Thus, developing a project of participatory mapping in Madrid involves many more actors than simply the map and the grassroots organizations that participate in the mapping workshops. However, little has been said in the literature about this sort of situated relationships and how they impact the production of a map. Despite the growing interest in understanding how web-based maps have allowed the inclusion of diverse non-cartographers into cartographic practices,[14] studies exploring the multiplicity of actors and their form of engagement with a geo-web app or digital map is recent.[15] And what is more, these studies usually focus on generic types of actors and leave behind when, where and how negotiations, collaborations or overlaps between situated actors happen.[16]
For that reason, in this article I use the distinction proposed by anthropologist Chris Kelty [17] between composition and coordination in collaborative digital practices. Kelty argues that composition involves the arrangements between digital media and the epistemic practices that emerge from there. Coordination, however, is ‘the media-specific material and technical choices that allow a group of people to work together on similar topics’.[18] Therefore, to compose a digital map, we need to understand how social actors coordinate themselves through the specific and contingent uses of media, tools, apps, platforms, or other devices. I argue that the processes of coordination are as important as practices of composition. And this, in turn, matters because it helps to understand how the ‘cultural life of maps’ is inhabited by contradictions: there is not an either/or relation between participatory and commercial map-making practices, nor between authoritarian and libertarian intentions of the map-makers. Rather, it is a tense relation between all these apparent contradictions that only make sense when the map-making process is seen in the context of multi-actor work.
In the following sections I will use ethnographic descriptions to highlight the ways in which situated practices, discourses, vernacular understandings, objects, protocols, and materials interact to generate a multi-author digital map that is both a product for funding institutions, a device that differentiates the aesthetic work of different collectives, and an activist effort to give voice to ignored initiatives in the city.
Efficiency with funders, ethics with communities
Science and technology studies (STS) have shown the way in which maps are one of the modern mechanisms through which governmentality is achieved. It involves a process of simplification and abstraction of the territory and its inhabitants [19] so that ‘objective’ knowledge can be created and moved.[20] This is achieved through the capacity of an expert (in this case, a professional cartographer) to enact a position of authority.[21] For VIC members those critical ideas were nothing new, as they were aware of this authority-effect of making a map and they wanted to distance themselves from it. Esaú, one of VIC members, used the term ‘middle-out’ to explain their effort to counter expert authority: ‘the middle-out means to put in the same table the expert and the non-expert, whereby there is no difference. (...) It is an egalitarian table, and we have dialogue there and relations are established.’ VIC members were consciously trying to reduce their authority in the dialogue with grassroots and citizens, by highlighting the importance of ‘giving voice’ (and visibility) to them in the map-making project.

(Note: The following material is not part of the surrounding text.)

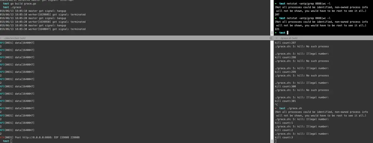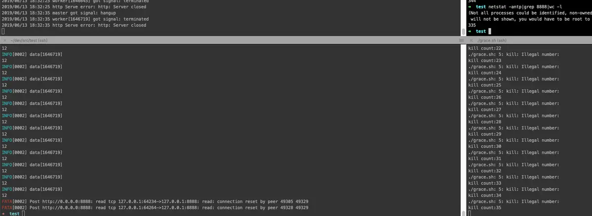 这里简单描述的我用的graceful的原理,它是一个master-worker模式,master常驻,只处理信号和像worker发送terminate信号,worker负责web服务,在收到信号之后会进行shutdown操作,逻辑就这些。

However, they also accepted that the maps they produced were still a reduction of the bottom-up city-making processes they were trying to depict as Esaú explained to me later, ‘some data get lost in the process of fabricating the physical map, for the map acts as a summary or a communicative element.’ The map is a communicative element in two senses: a way to make the invisible (grassroots) visible as an ethical commitment, but also a way to make the map a product that they can deliver to the funding institutions and stakeholders of the project -the diversity of citizen or grassroots interventions all over Madrid simplified and reduced in a map. During my fieldwork, VIC members (especially Esaú) had regular meetings with Diego and Fernanda, managers from the funding institution that was sponsoring CIVICS. Apart from an eventual discussion about budgets or logistics of the mapping workshops, Diego and Fernanda were highly engaged in the map as such: they frequently commented, criticised, or suggested aspects such as colour palettes (see the section below) or the usability and intuitiveness of the tools that the platform had. Thus, VIC members needed to respond and adapt the funder’s imperatives into the map. VIC was making the map by being situated in a grey area between project management goals, and an ethical/activist drive of inclusion and horizontal dialogue.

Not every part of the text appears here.